TRY IT: Every record below must be returned word for word, with the pictures left out.
[INPUT DATA Boundary: Start]
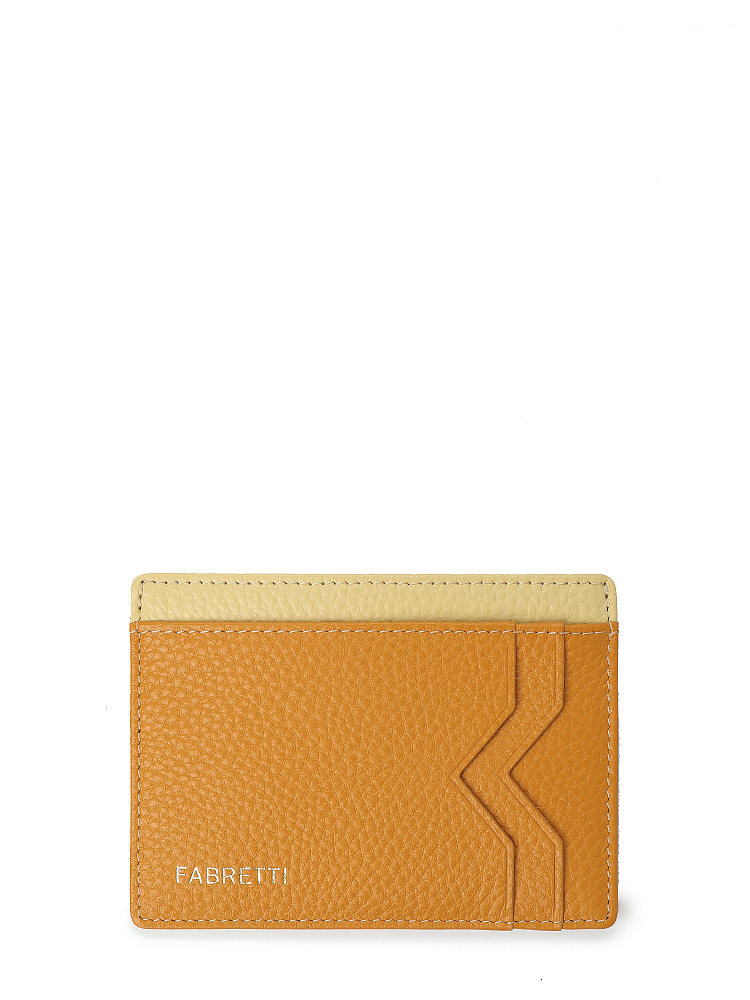 Небольшой лаконичный женский картхолдер итальянского бренда FABRETTI – практичный и компактный аксессуар в оригинальном ярком дизайне. Он выполнен из натуральной кожи с крупнозернистой фактурой, верх теплого оранжево-желтого «горчичного» оттенка, отделка внутреннего отделения из светло-лимонной кожи. Внутри картхолдер дополнен подкладкой с узором в стиле «логомании».У визитницы по два слота для карт и одному открытому карману с каждой стороны и центральное отделение для карт или сложенных купюр. В качестве лаконичного декора использован золотой печатный логотип в нижнем углу.
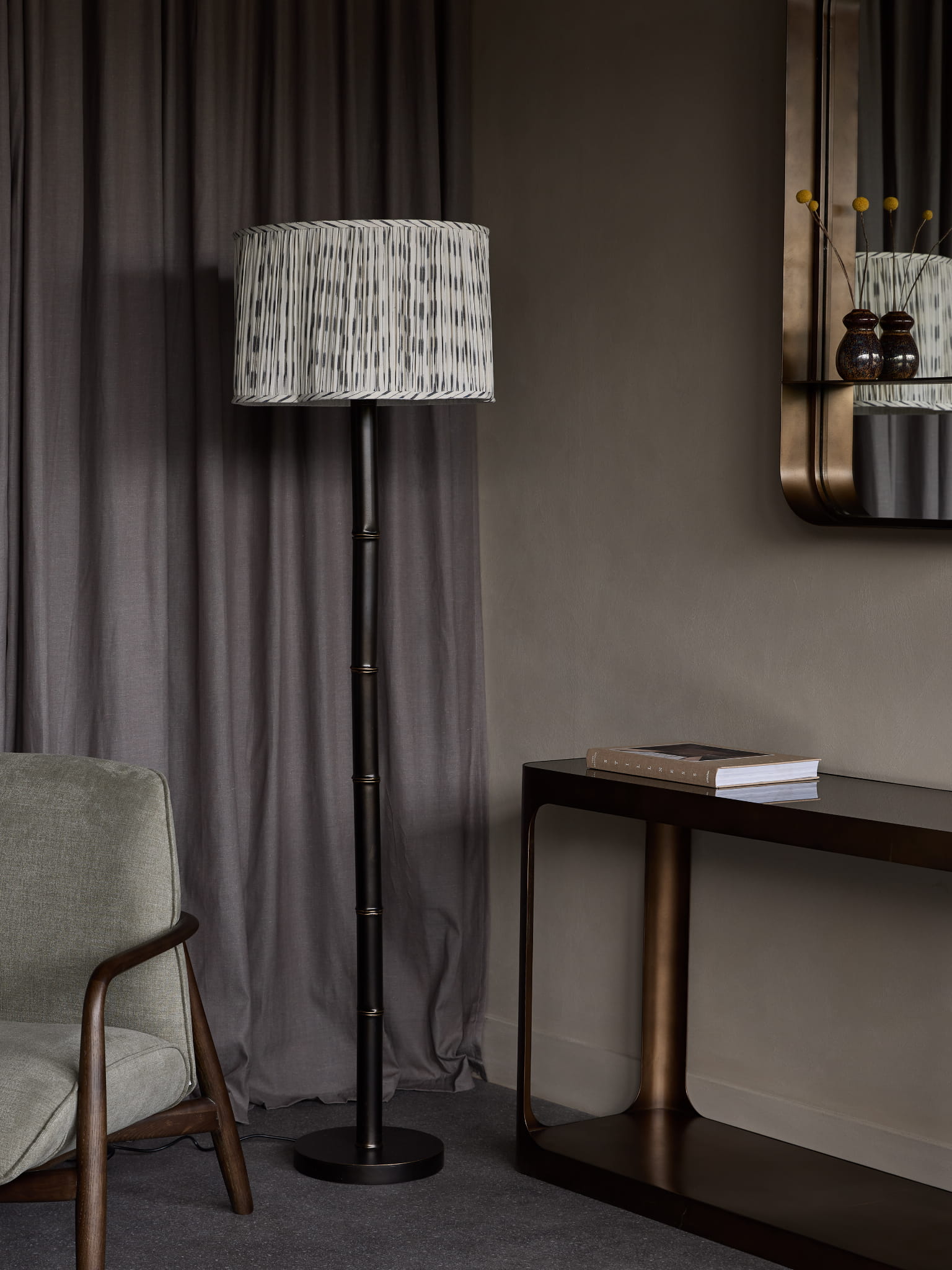 The Lexi floor lamp works beautifully in elegant, modern classic, boutique hotel, art deco and contemporary interiors. Its palette of black, brown and soft neutral tones makes it easy to style with sofas, armchairs, wood, velvet, linen and metallic accents.
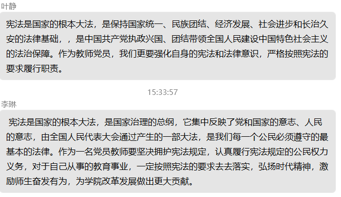 7月15日下午14:30,金沙威尼斯官网经济统计系党支部通过网络召开线上7月份主题党日暨宪法知识学习。经济统计系党员参加会议学习并通过qq群文字输出的方式进行讨论,本次会议由徐应超主持。
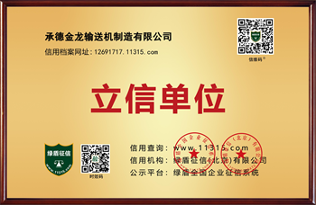 承德金龙输送机制造有限公司创建于1990年,是集项目设计、制造、安装调试、机电一体化的输送机专业生产企业,注册资金5000万元,占地面积12万平方米,现有员工270人,年产值3亿元。承德市信用协会会员单位,立信企业,信誉等级:AAA。
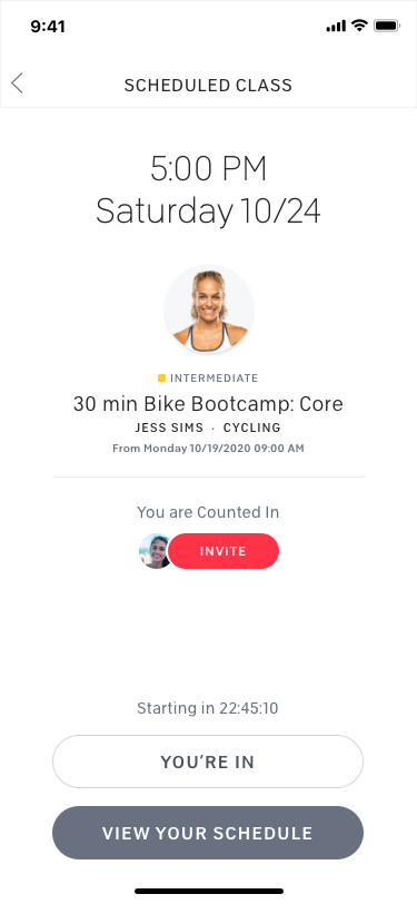 A scheduled class, with the ability to invite your friends. Image credit Peloton.
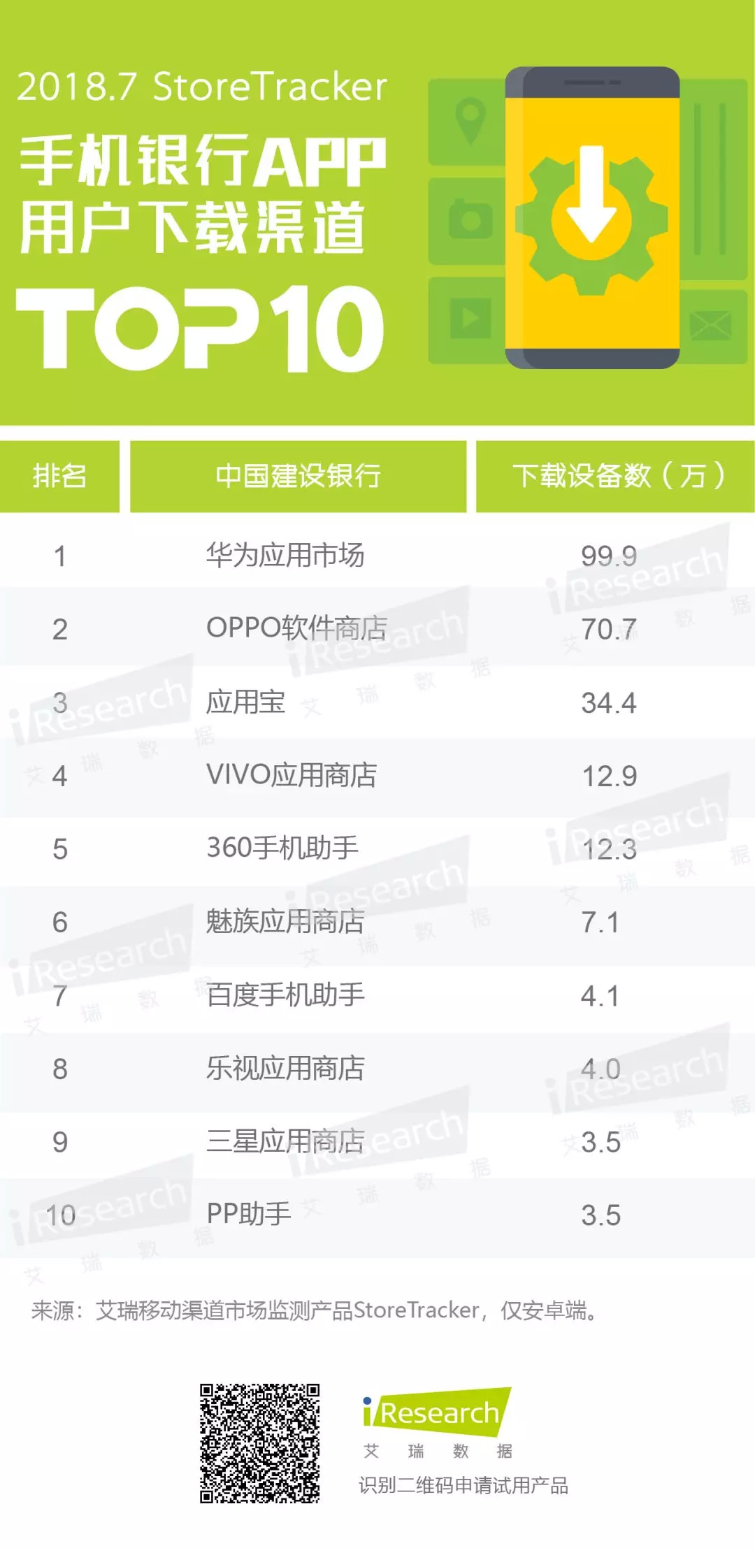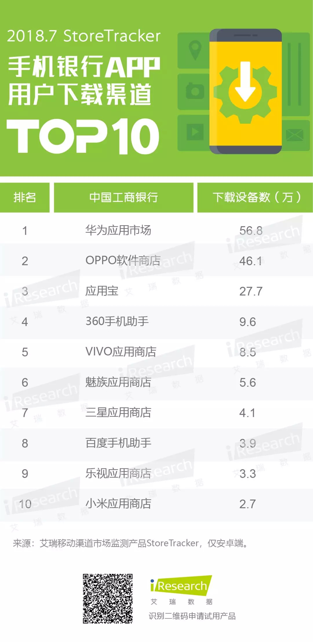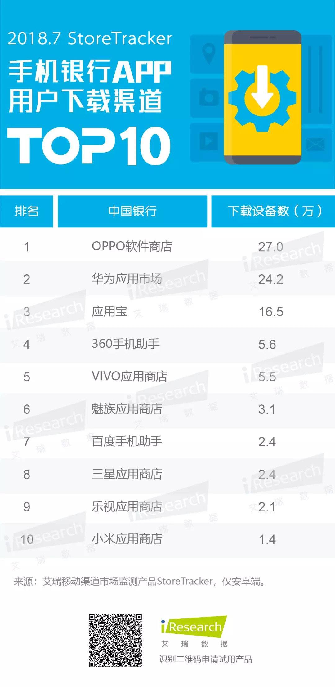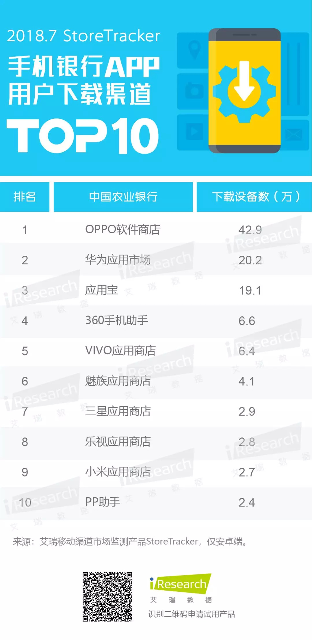 四家银行用户在安卓端下载APP渠道有明显偏好区别,2018年7月,用户下载工行、建行APP多来自华为应用市场,下载农行、中行APP多来自OPPO软件商店。此外,应用宝是四家银行APP的第三大下载渠道。
[INPUT DATA Boundary: End]
EXERCISE SOLUTION:
 Небольшой лаконичный женский картхолдер итальянского бренда FABRETTI – практичный и компактный аксессуар в оригинальном ярком дизайне. Он выполнен из натуральной кожи с крупнозернистой фактурой, верх теплого оранжево-желтого «горчичного» оттенка, отделка внутреннего отделения из светло-лимонной кожи. Внутри картхолдер дополнен подкладкой с узором в стиле «логомании».У визитницы по два слота для карт и одному открытому карману с каждой стороны и центральное отделение для карт или сложенных купюр. В качестве лаконичного декора использован золотой печатный логотип в нижнем углу.
 The Lexi floor lamp works beautifully in elegant, modern classic, boutique hotel, art deco and contemporary interiors. Its palette of black, brown and soft neutral tones makes it easy to style with sofas, armchairs, wood, velvet, linen and metallic accents.
 7月15日下午14:30,金沙威尼斯官网经济统计系党支部通过网络召开线上7月份主题党日暨宪法知识学习。经济统计系党员参加会议学习并通过qq群文字输出的方式进行讨论,本次会议由徐应超主持。
 承德金龙输送机制造有限公司创建于1990年,是集项目设计、制造、安装调试、机电一体化的输送机专业生产企业,注册资金5000万元,占地面积12万平方米,现有员工270人,年产值3亿元。承德市信用协会会员单位,立信企业,信誉等级:AAA。
 A scheduled class, with the ability to invite your friends. Image credit Peloton.
 四家银行用户在安卓端下载APP渠道有明显偏好区别,2018年7月,用户下载工行、建行APP多来自华为应用市场,下载农行、中行APP多来自OPPO软件商店。此外,应用宝是四家银行APP的第三大下载渠道。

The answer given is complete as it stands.